Valle is an assistant professor, jointly appointed in the Department of Sociology and Anthropology and the Department of African American and African Studies, at Rutgers University-Newark. She is also a core faculty member of the Global Urban Studies/Urban Systems Ph.D. program.
At Princeton, Valle will complete her current book project, Battling for Worth: Race, Recognition, and Urban Change on Colombia’s Caribbean Coast, currently under contract with Oxford University Press, The book will be included in its Global and Comparative Ethnography Series. Battling for Worth demonstrates how race becomes encoded in the value of urban space by exploring the criteria people use to determine what and who has worth, at different spatial scales, in the context of urban spatial and economic change in Cartagena de Indias, Colombia. In exploring the racialized dynamics of urban change, Valle addresses how racial worth is relationally defined, strategically activated, ideologically articulated, and empirically manifested.
Valle is the recipient of a Fulbright award to Colombia and has also completed research on Afro-descendants living in Santiago, Chile, exploring the mechanisms that lead to reduced life chances for marginalized groups and how such groups negotiate stigma perspectives that suggest their identities have been devalued.
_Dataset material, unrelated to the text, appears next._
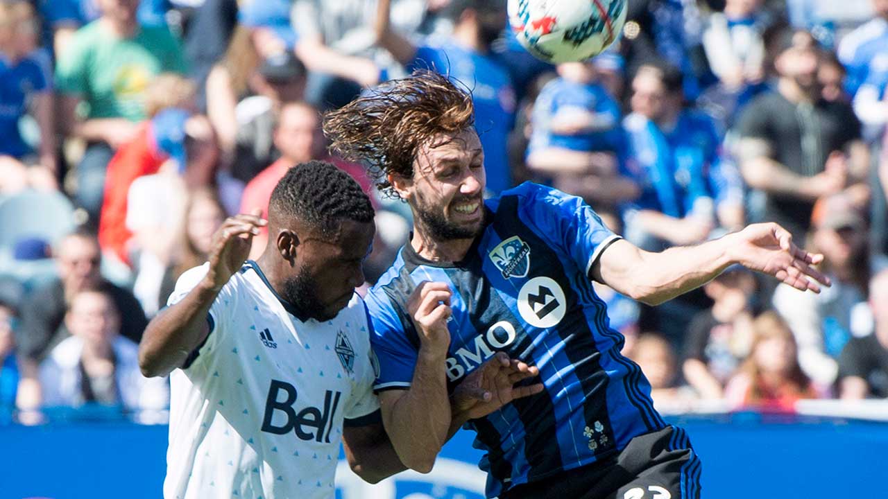 Vancouver responded with steady pressure and forced a free kick when Kyle Fisher took down Jacobson to the left of the Montreal goal. Cristian Bolanos’s shot was played out to the edge of the area where Jacobson lobbed a perfect volley over the crowd in front and under the crossbar for his first of the season.

She is a council member of the American Sociological Association’s Community and Urban Sociology Section, an editorial board member of the ASA urban journal, City & Community (2022-2025), an executive board member of the afrolatin@ forum, and a member of the Black Latinas Know Collective (BLKC).
Valle has dual bachelor’s degrees in Economics and Afro-American Studies from Howard University, a Master of Public Administration in Public and Nonprofit Management and Policy from New York University, a M.S. for Teachers in Childhood Education from Pace University, and an M.A., M.Phil., and Ph.D. in Sociology from Columbia University.
Valle’s fellowship is made possible by the Mellon Foundation and the Princeton School of Public and International Affairs.